EXERCISE REQUIREMENTS →
In the records below, the relevant part opens with the line containing "Nine Less Molecule-Clear" and closes with the line containing "The salt mines"; print that part exactly and only, without its pictures.

PROVIDED INFORMATION →

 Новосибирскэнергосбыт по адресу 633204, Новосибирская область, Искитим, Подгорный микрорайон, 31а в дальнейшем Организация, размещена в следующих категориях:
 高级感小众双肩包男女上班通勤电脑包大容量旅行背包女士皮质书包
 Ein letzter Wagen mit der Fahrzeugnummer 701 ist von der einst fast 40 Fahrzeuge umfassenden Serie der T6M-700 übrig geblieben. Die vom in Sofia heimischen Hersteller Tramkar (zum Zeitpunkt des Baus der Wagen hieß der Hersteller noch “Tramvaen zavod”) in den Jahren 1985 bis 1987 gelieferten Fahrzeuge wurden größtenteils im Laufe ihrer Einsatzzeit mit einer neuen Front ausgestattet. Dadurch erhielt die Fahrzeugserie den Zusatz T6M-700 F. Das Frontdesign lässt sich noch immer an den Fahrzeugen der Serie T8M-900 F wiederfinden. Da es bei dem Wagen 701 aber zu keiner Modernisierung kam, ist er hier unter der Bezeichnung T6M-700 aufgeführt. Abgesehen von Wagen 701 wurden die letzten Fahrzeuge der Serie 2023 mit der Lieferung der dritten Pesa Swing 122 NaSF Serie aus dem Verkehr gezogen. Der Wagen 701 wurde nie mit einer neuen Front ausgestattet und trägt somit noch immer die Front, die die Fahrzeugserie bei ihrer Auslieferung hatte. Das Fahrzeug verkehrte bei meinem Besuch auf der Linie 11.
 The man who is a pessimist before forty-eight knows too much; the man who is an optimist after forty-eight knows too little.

--

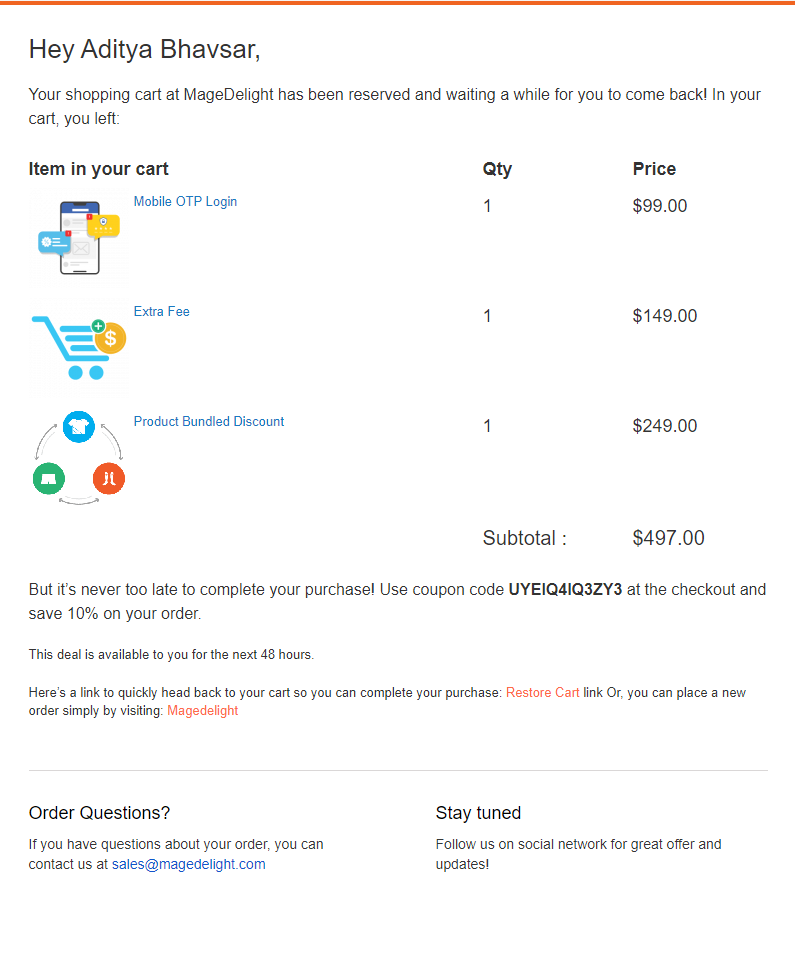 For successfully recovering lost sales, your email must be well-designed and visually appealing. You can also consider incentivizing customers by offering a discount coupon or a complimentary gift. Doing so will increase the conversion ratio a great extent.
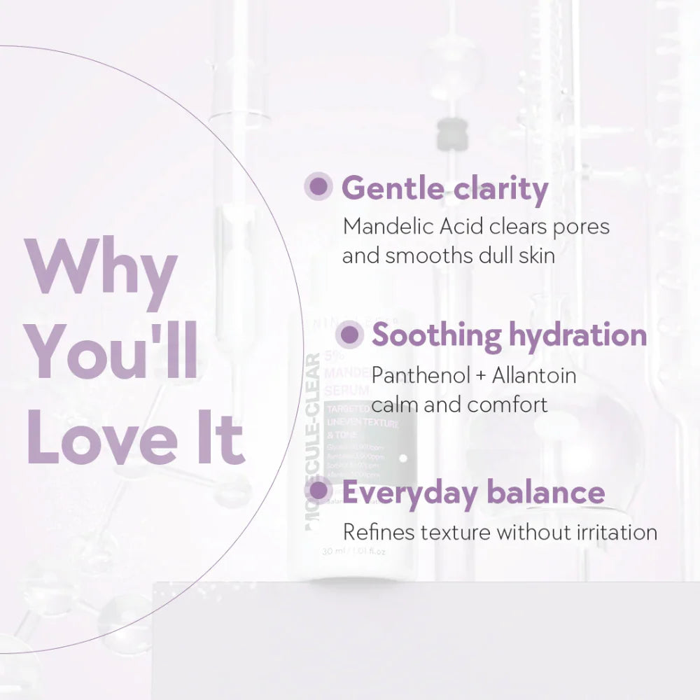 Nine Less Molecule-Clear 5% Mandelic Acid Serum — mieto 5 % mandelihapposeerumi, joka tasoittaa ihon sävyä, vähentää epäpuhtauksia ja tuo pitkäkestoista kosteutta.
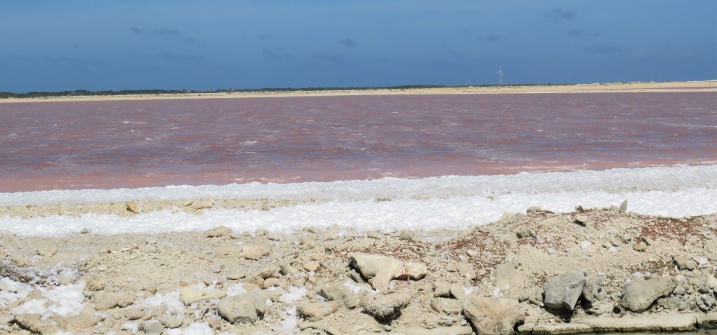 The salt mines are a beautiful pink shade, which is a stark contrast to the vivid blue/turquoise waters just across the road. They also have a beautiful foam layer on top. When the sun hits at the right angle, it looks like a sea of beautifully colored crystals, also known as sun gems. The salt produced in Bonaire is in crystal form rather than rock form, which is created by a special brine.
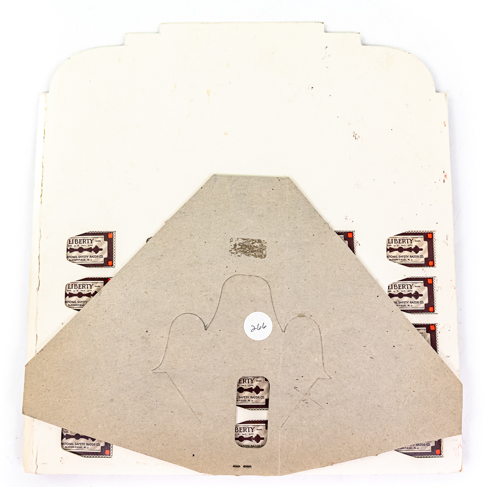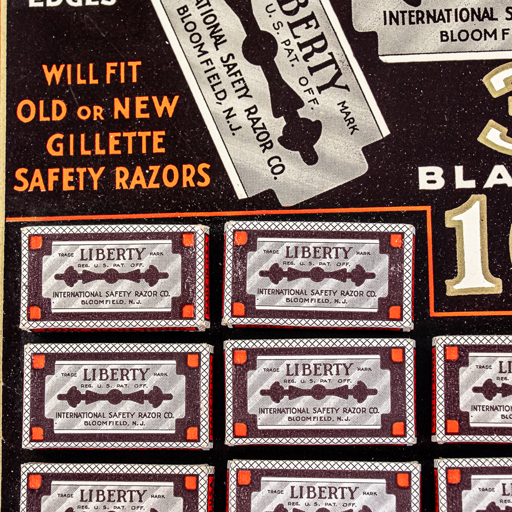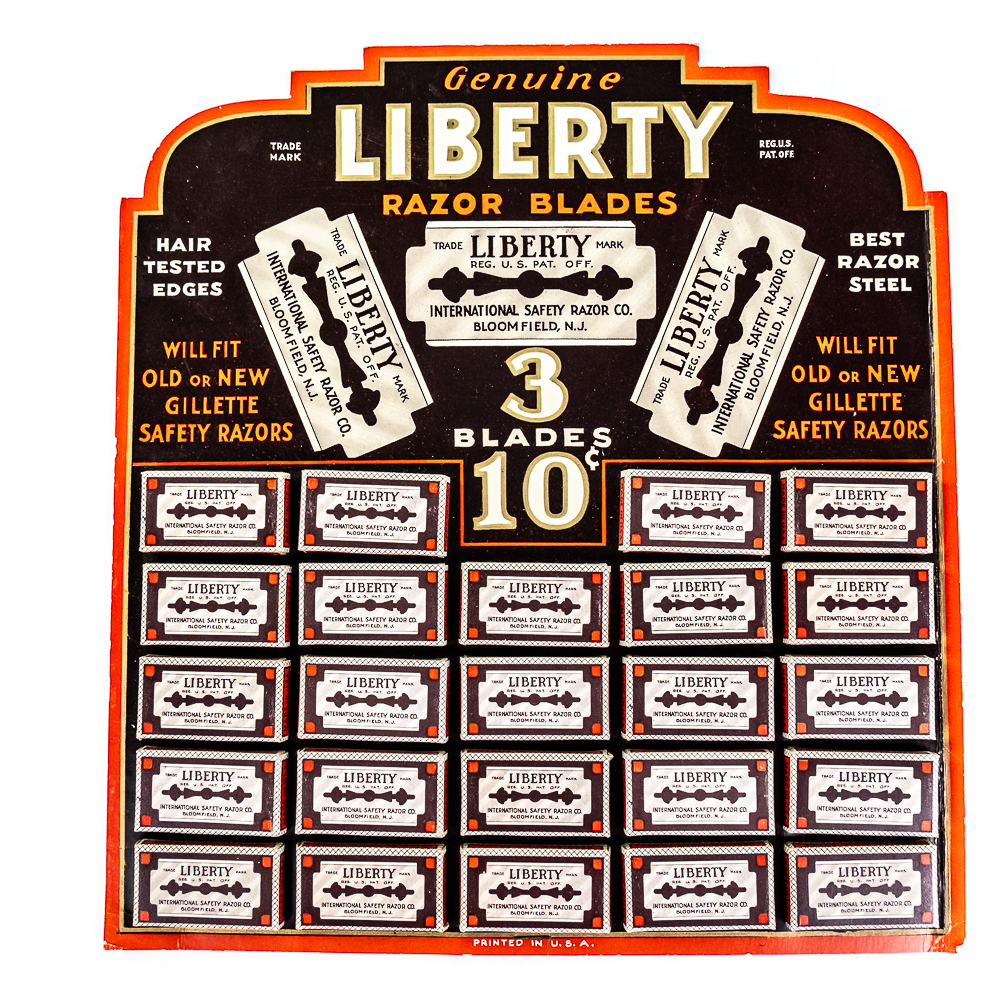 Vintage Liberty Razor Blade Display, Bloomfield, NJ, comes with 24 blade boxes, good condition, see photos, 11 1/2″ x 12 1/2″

PROBLEM SOLUTION →
 Nine Less Molecule-Clear 5% Mandelic Acid Serum — mieto 5 % mandelihapposeerumi, joka tasoittaa ihon sävyä, vähentää epäpuhtauksia ja tuo pitkäkestoista kosteutta.
 The salt mines are a beautiful pink shade, which is a stark contrast to the vivid blue/turquoise waters just across the road. They also have a beautiful foam layer on top. When the sun hits at the right angle, it looks like a sea of beautifully colored crystals, also known as sun gems. The salt produced in Bonaire is in crystal form rather than rock form, which is created by a special brine.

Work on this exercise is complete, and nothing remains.